Boname Jessica M, de Lima Brigitte D, Lehner Paul J, Stevenson Philip G
Division of Virology, University of Cambridge, Tennis Court Road, Cambridge CB2 1QP, United Kingdom.
Immunity. 2004 Mar;20(3):305-17. doi: 10.1016/s1074-7613(04)00047-0.
The murine gamma-herpesvirus-68 MK3 protein inhibits CD8(+) T cell recognition by ubiquitinating the cytoplasmic tails of classical MHC class I heavy chains. Here we show that MK3 also provides the first example of a protein that degrades tapasin and TAP. The degradation was MK3 RING finger dependent and primarily affected TAP. MK3 associated with TAP1 in the absence of tapasin or TAP2, suggesting that TAP1 was a primary binding partner in the peptide loading complex. TAP2 also played a major role in MK3 stability and function. By degrading TAP, therefore, MK3 limited its own expression. However, TAP degradation also broadened the MK3 inhibitory repertoire and achieved a remarkable resistance to MHC class I upregulation by interferon-gamma, suggesting that it represents a specific adaptation to immune evasion in lymphoid tissue.

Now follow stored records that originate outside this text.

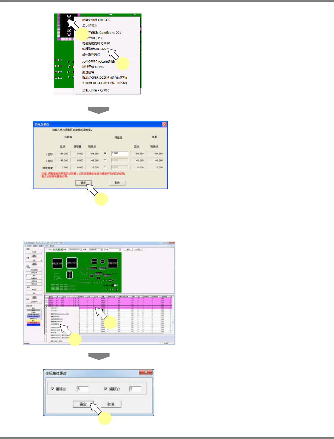 NPM-DGS 程序手册 10.4 生产数据的编辑 EJS9AC-MB-10P-04 Page 10-35 1 选择元件后,在元件上右击。 2 选择 [ 编辑贴装 XXXX] 。 显示出 < 坐标点修改 > 画面。 3 在需要调整的项目上打勾, 输入调整量 后,点击 [ 确定 ] 。 坐标整体编辑 可综合对象工作台、贴装头等的贴装 点后一起执行偏移。 1 从贴装点一览中选择需要偏移的贴装 点后右击。 2 选择 [ 坐…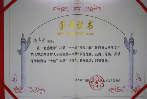 2010年5月11日晚上,由共青团陕西省委主办的陕西省第二十一届“校园之春”文化艺术节主持人大赛总决赛在西安交通大学宪梓堂隆重举行。来自陕西省各大高校的十五名优秀选手同场角逐最高殊荣。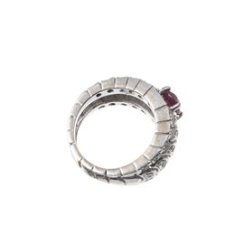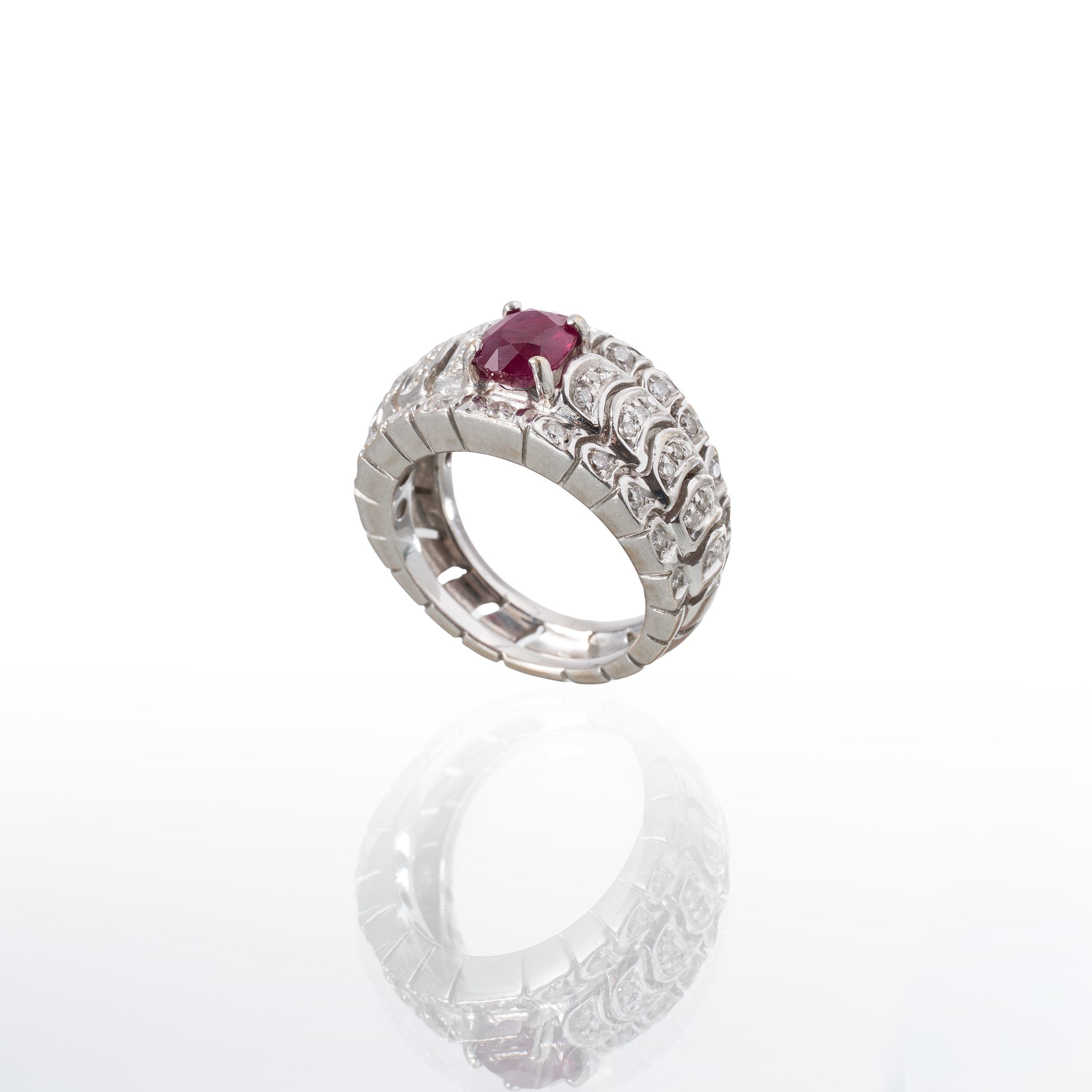 Anello in oro bianco 18 kt con rubino, di ct 1,00 ca, e diamanti, taglio brillante, per ct 0,60 ca.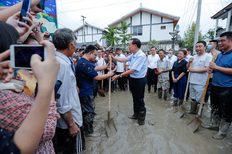 李克强8月20日上午11时许飞抵重庆,一下飞机马上转乘火车、汽车,一路辗转来到洪水灾情严重的潼南区双坝村。李克强对当地干部和随行人员说,要落实好习近平总书记对防汛救灾和灾后重建工作的重要指示精神,确保人民群众的生命财产安全。双坝村位于涪江沿线,全村8000多人全部受灾,屋内积水最高时达一人多高,村庄周围的农田、蔬菜大棚全部损毁。总理沿途看望慰问受灾群众,走进水毁房屋、受灾农田和受灾群众安置点等,询问大家有什么具体困难,需要国家哪些政策支持。总理表示,党和政府一定会帮助大家渡过难关。村民们告诉总理,我们从来没有见过这么大的洪水,很多在外打工的人都回家来救灾,所幸没有造成人员伤亡。李克强说,家是最有凝聚力的,这么大的灾害大家一起努力顶住了,没有人员伤亡就是最大的胜利。你们这里涪江、嘉陵江几条江上过去都有纤夫,涪江的号子是很雄壮的。你们现在的行动实际上也是在唱响涪江号子,大家齐心协力,就一定能够把家园重新建设好。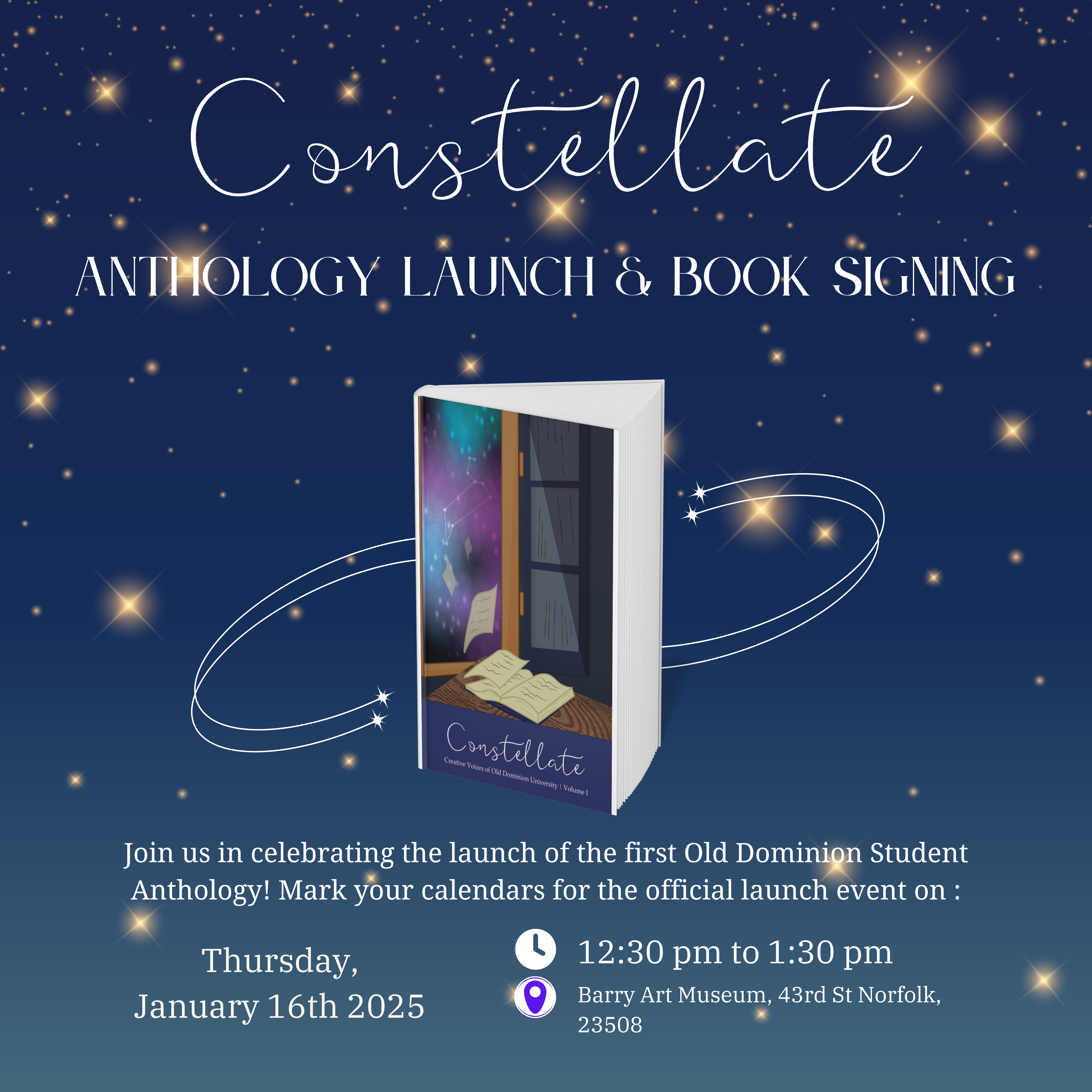 Step into the vibrant world of literary talent at our Constellate Launch Party! Join us for an unforgettable afternoon celebrating the culmination of creativity and expression as we unveil our latest collection of works penned by our very own students at Old Dominion University. We’ll have student readings and book signing to mark the first student anthology publication put together by the MFA Creative Writing Department.

鼠γ-疱疹病毒68型的MK3蛋白通过泛素化经典MHC I类重链的胞质尾部来抑制CD8(+) T细胞识别。在此我们表明,MK3还是首个能降解塔帕辛(tapasin)和抗原加工相关转运体(TAP)的蛋白实例。这种降解依赖于MK3的环指结构域,且主要影响TAP。在没有塔帕辛或TAP2的情况下,MK3与TAP1结合,这表明TAP1是肽装载复合物中的主要结合伴侣。TAP2在MK3的稳定性和功能中也起主要作用。因此,通过降解TAP,MK3限制了其自身的表达。然而,TAP的降解也拓宽了MK3的抑制范围,并对γ干扰素介导的MHC I类上调产生了显著抗性,这表明它代表了在淋巴组织中对免疫逃逸的一种特殊适应。